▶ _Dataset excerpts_
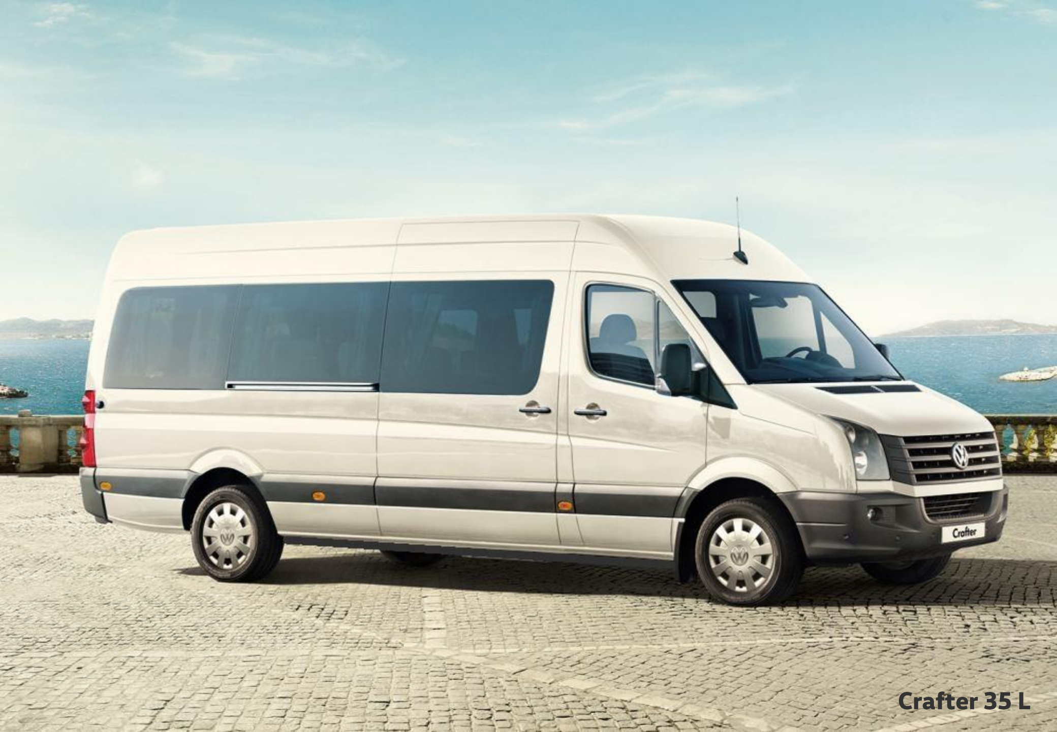
Crafter 35 L
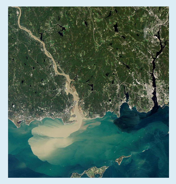
In 2011, Hurricane Irene filled the Connecticut River with muddy sediment as a result of erosion upstream. Heavy storms are becoming more common as a result of climate change.

Rising temperatures and shifting rainfall patterns are likely to increase the intensity of both floods and droughts. Average annual precipitation in the Northeast increased 10 percent from 1895 to 2011, and precipitation from extremely heavy storms has increased 70 percent since 1958. During the next century, average annual precipitation and the frequency of heavy downpours are likely to keep rising. Average precipitation is likely to increase during winter and spring, but not change significantly during summer and fall. Rising temperatures will melt snow earlier in spring and increase evaporation, and thereby dry the soil during summer and fall. So flooding is likely to be worse during winter and spring, and droughts worse during summer and fall.
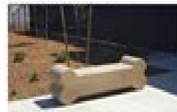
9. CONCRETE DOG BONE BENCH
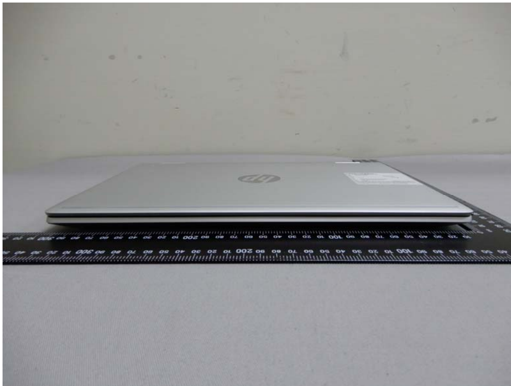
Side View of EUT – 2
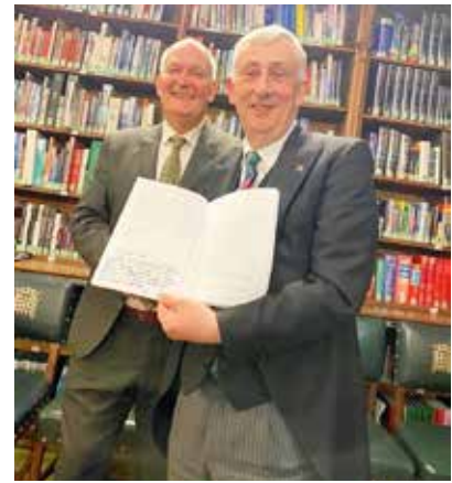
Former MP Chris Ruane presenting a copy of his paper, Be The Change You Want To See , to the Speaker of the House of Commons, Sir Lindsay Hoyle, for the House of Commons Library

To review research evidence, current best practice, extent and success of implementa-
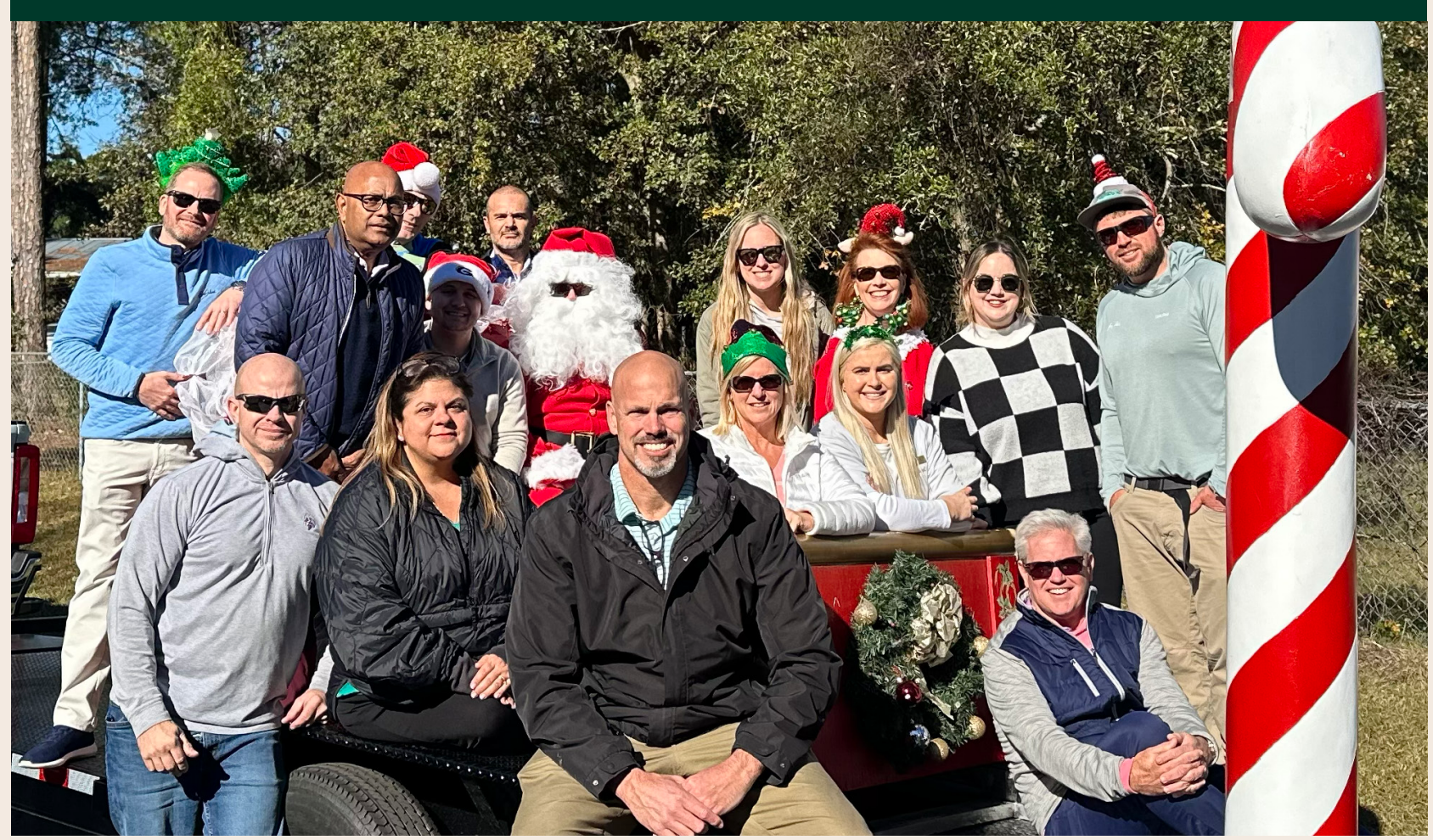
Team members from America's Second Harvest of Coastal Georgia and Sea Island joined in the 2023 Holiday Toy Drive.
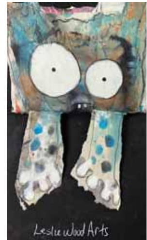
Junk Mail Journal , mixed media ©2020 Leslie Wood
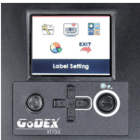
Color TFT LCD and operation panel for easy and intuitive operation

Full functions, powerful features, user friendly interface and high extensibility make the RT700i perfect for retail and industrial applications
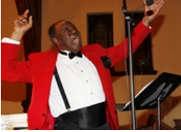
(http://www.buffalonews.com/story/image/BN/20141116/CITYANDREGION/141119157/EP/1/2/EP-141119157.jpg&maxW=960) Story image/BN/20141116/CITYANDREGION/141119157/EP/1/2/EP-141119157.jpg&maxW=960
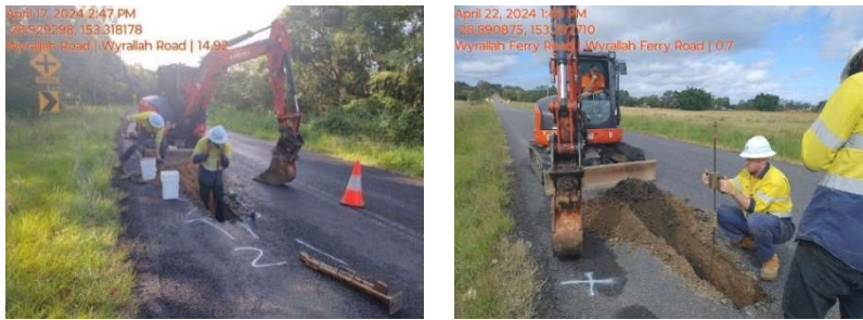
Coraki Road – Progress Works

Geotechnical works are completed on Coraki Road they will enable engineers to design and construct remediation works to deliver roads that are safer and more durable. The design phase is now in progress.
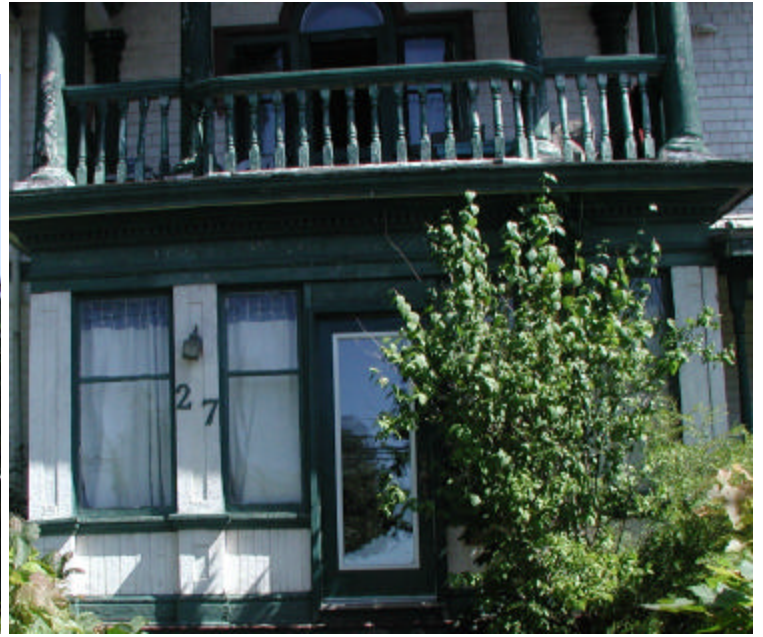
Beaton House (1907), 27 Granville St.
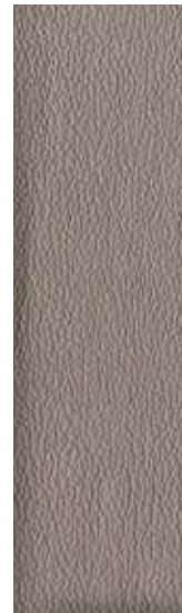
Medium Light Stone Leather
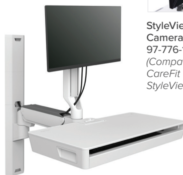
CareFit Combo System with Worksurface 45-619-251
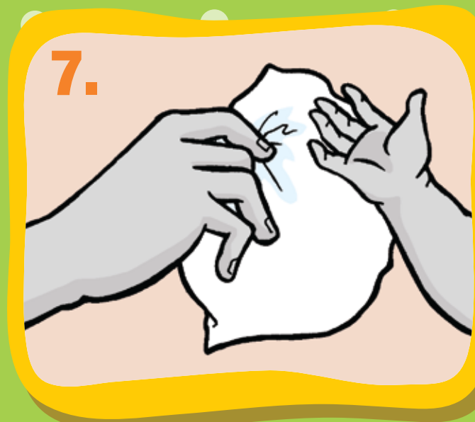
7. Clean the child's hands. Soap and water is best.
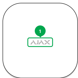
1 - Logo with a light indicator
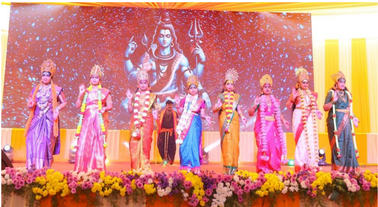
A Special Performance given by students representing Nava Durga's and Lord Shiva

▶ _What is needed_
The word "Coraki" appears in some lines of the records. Please work out how many and reply with that number only.

▶ _Answer to the problem_
2